En 1961, Monicelli dirige en compagnie de Fédérico Fellini, Luchino Visconti et Vittorio de Sica, un film collectif "Boccace 70" : l'épisode de Monicelli s'intitulait "Renzo et Luciana"  et fut supprimé dans la version projetée à l'étranger en dépit des protestations du réalisateur.

Dans "Les Camarades" (I Compagni, 1963), son oeuvre peut-être la plus poignante. La part de l'humour et de la caricature est effectivement des plus hésitantes dans cette évocation de la première grève ouvrière organisée à Turin, à la fin du XIX siècle. Si l'on sourit parfois c'est à cause de la tendresse dont Monicelli entoure ses personnages, de l'humanité pudique qui préside à la peinture de leurs malheurs. Mais il y a aussi dans ce sourire un goût d'amertume, qui n'est pas loin souvent de celui des larmes.

De tout ses films, celui que Mario Monicelli préfère est "L'Armée Brancaleone" (L'armata Brancaleone, 1966), dont il a lui-même affirmé qu'il constituait quelque chose de totalement nouveau dans le cinéma italien : "Personne avant moi n'avait songé à présenter le Moyen Age sous l'angle de l'ironie et du grostesque, en démystifiant la rhétorique de l'héroïsme, les chevaliers errants, les donzelles, l'amour courtois, les tournois, le langage. Personne n'avait encore mis en scène cette Italie des gueux et des va-nu-pieds. Pour ce film, j'ai dû tout inventer."

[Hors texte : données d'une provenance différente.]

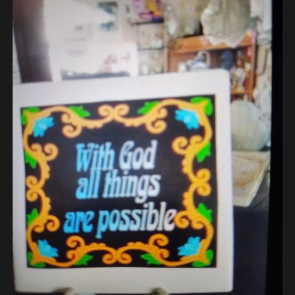 Tile Message "With God all Thing are Posible" with wood stand great message of faith

Cette chronique d'une sorte de petit Don Quichotte italien, incarné par Vittorio Gassman, est d'une originalité sans précédent, à commencer par les extraordinaires dialogues d'Age et Scarpelli, écrits dans un mélange de latin de cuisine et d'italien ancien. Cette vision grotesque du Moyen Age est d'autant plus stupéfiante qu'elle est en définitive d'une très profonde réalité. Monicelle renouvellera cet exploit avec "Brancaleone s'en va-t'aux croisades" (Brancaleone alle crociate, 1970), film dans lequel le pathétique finit par l'emporter sur la satire et où le malheureux Brancaleone, toujours aussi brillamment interprété par Gassman, livre dans les déserts de Palestine son dernier combat contre la Mort en personne : cette séquence sublime, digne de figurer dans une anthologie du fantastique, retrouve l'inspiration tragique de l'art médiéval le plus authentique. Ce film obtint sept ans plus tard le Grand Prix du Festival d'Humour de Chamrousse, ce qui permet au film de sortir en exclusivité sur les écrans parisiens.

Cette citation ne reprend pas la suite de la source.